Excessive Daytime Sleepiness. First, try to improve nighttime sleep with the strategies above. If sleepiness persists, brief naps can be very helpful. If these measures are not enough, medicines such as methylphenidate (Ritalin), modafinil (Provigil), or armodafinil (Nuvigil) are often used.

Behavioral Symptoms.

Anxiety and Depression. These symptoms are both common in Parkinson disease. This is partly because levels of brain chemicals involved in mood, such as serotonin and norepinephrine, are decreased in PD along with dopamine. Counseling and talk therapy can be helpful and are worth considering before prescription medicines. Benzodiazepines, such as clonazepam, can be helpful for anxiety. There are many medicines that can be helpful with depression as well as anxiety: fluoxetine (Prozac), sertraline (Zoloft), citalopram (Celexa), escitalopram (Lexapro), paroxetine (Paxil), buproprion (Wellbutrin), venlafaxine (Effexor), desvenlafaxine (Pristiq), mirtazapine (Remeron), vilazodone (Viibryd), and  trazodone.

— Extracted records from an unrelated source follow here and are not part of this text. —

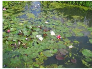
Foto Seerosen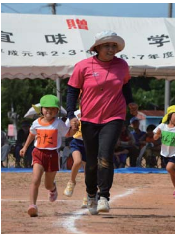
先生と一緒に♪嬉しいな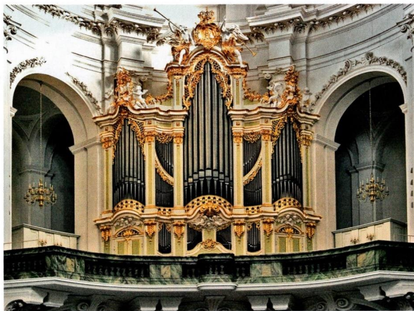
Silbermannorgel in der Dresdner Hofkirche

https://www.planet-schule.de/sf/multimedia/lernspiele/klangkiste_instrumentenquiz/mme/mmewin.html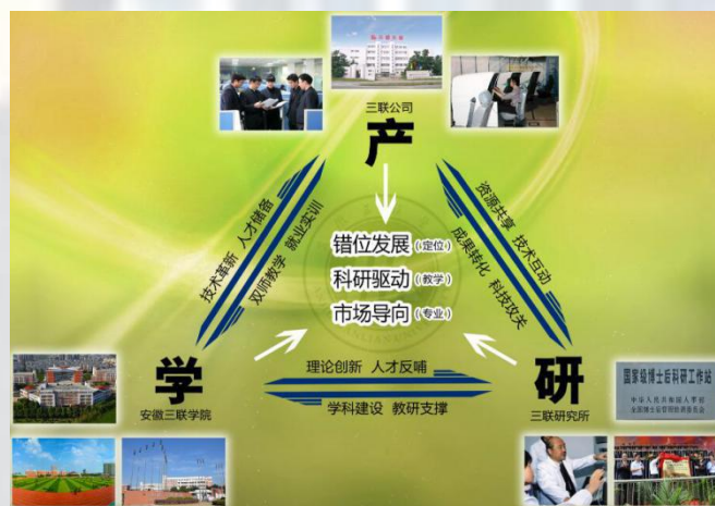
图3 安徽三联学院交通运输专业“自体式”产学研构成

高校应积极与企业、科研机构合作, 充分发挥自我科研优势, 在企业和高校之间形成共赢模式, 不断推进人才培养、人文交流、技术研发等。这种校企之间的产学研模式是我国大部分高校常见的模式, 可以较好地实现学术成果转化、提高服务地方经济水平等。安徽三联学院自建校伊始, 就有着得天独厚的产学研建设的土壤, 安徽三联交通事故预防研究所、安徽三联交通应用技术股份有限公司、国家车辆驾驶安全工程技术研究中心、人类工效学杂志社等研究机构、企业和学术杂志社构成了安徽三联学院“自体式”产学研的独特模式, 这种产学研模式不仅实现了原有的功能, 而且实现了科研资源共享、人员双轨制服务的新型模式。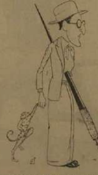
El dibujante de la «Veraguas», vive por un colón 1/25.

Así, pues, el contribuyente que no quiera pagar el primer recargo del diez por ciento, tiene de tiempo hasta el próximo lunes día 11 de corriente en estas oficinas de la Alcaldía, de la calle de Castelar en esta ciudad. Horas de oficina de 9 a 12 mañana y de 3 a 6 tarde.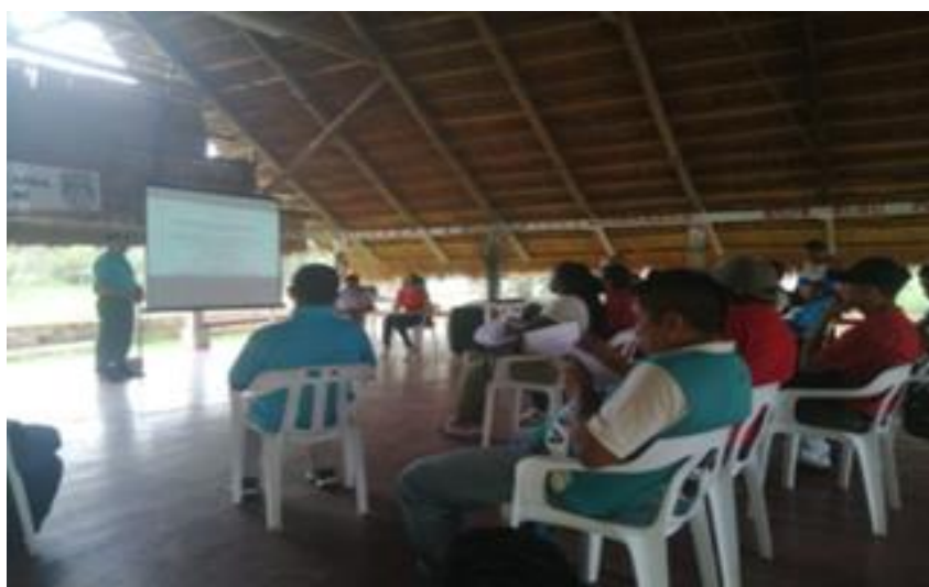
imagen capacitación en fortalecimiento e implementación de la Cátedra de Estudios Afrocolombianos.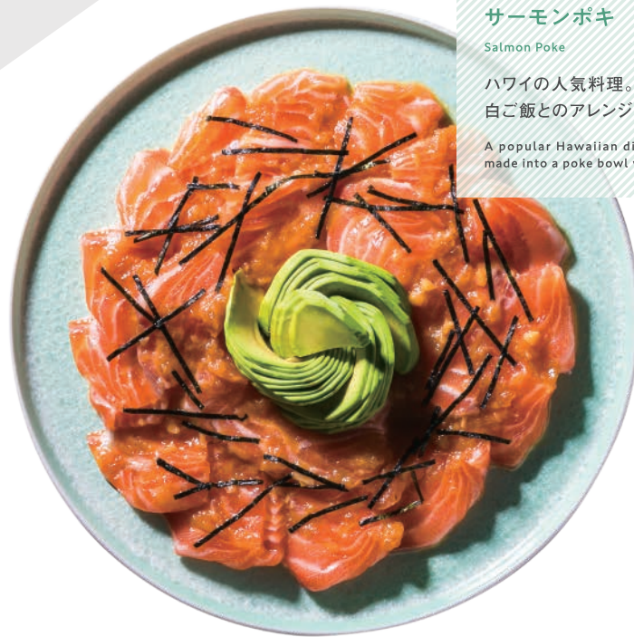
サーモンポキ Salmon Poke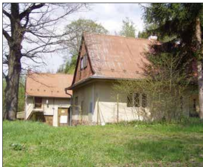
Hadinka 2016, necitlivě přestavený hostinec - jižní křídlo.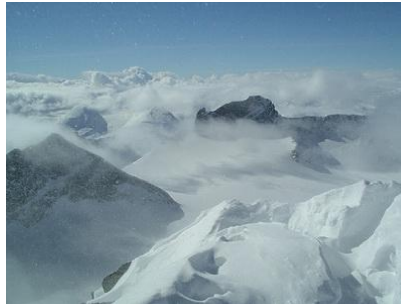
Topparna, bl.a. Skarstind, sticker upp ur molnen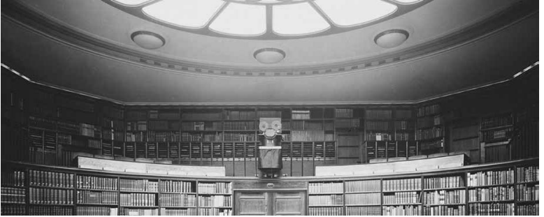
Овальный зал Культурологической библиотеки Варбурга в Гамбурге. 1926 г.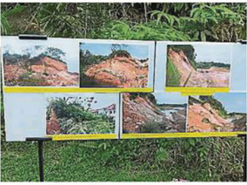
↑居民在对话会上图文并茂展示山壁自去年12月起，如何变本加厉的塌陷。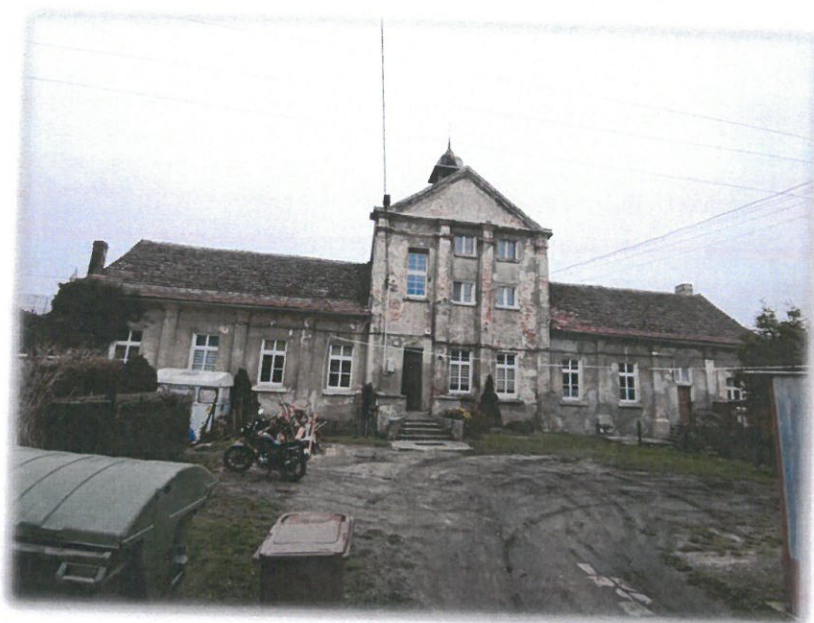
Ryc. 3 Pałac Opata w Koronowie

Kościół filialny pw. Św. Andrzeja zbudowany w latach 1382-1396, w stylu gotyckim, przebudowany w renesansie (1599 r.): wnętrze, szczyty oraz wieżę (obecnie nakryta barokowym hełmem) i baroku (w 1752 r. zniszczone sklepienie wymieniono na drewniane stropy). Kościół posiada barokowo-rokokowe wyposażenie. Świątynia usytuowana jest we wschodniej części starego miasta, na skarpie opadającej ku rynkowi. Teren wokół kościoła to dawny cmentarz z XIV wieku.

Dementia. Memory loss and changes in thinking can occur in PWP. Cholinesterase inhibitors can improve thinking and memory in some PWP; these include donepezil (Aricept), rivastigmine (Exelon, Exelon patch), and galantamine (Razadyne). Occasionally PWP with dementia can become agitated or have hallucinations. Quetiapine (Seroquel) and clozapine (Clozaril) can be helpful for these symptoms. Other antipsychotic medications, such as haloperidol (Haldol), risperidone (Risperdal), aripiprazole (Abilify), olanzapine (Zyprexa), and ziprasidone (Geodon) should be avoided as they can make the motor symptoms of PD worse. 

 

In the next issue, autonomic nonmotor symptoms such as orthostatic hypotension, overactive bladder, erectile dysfunction, and gastrointestinal symptoms will be discussed.  Again, although not everyone will experience these symptoms, it is important to be aware of them so that treatment options can be considered and discussed.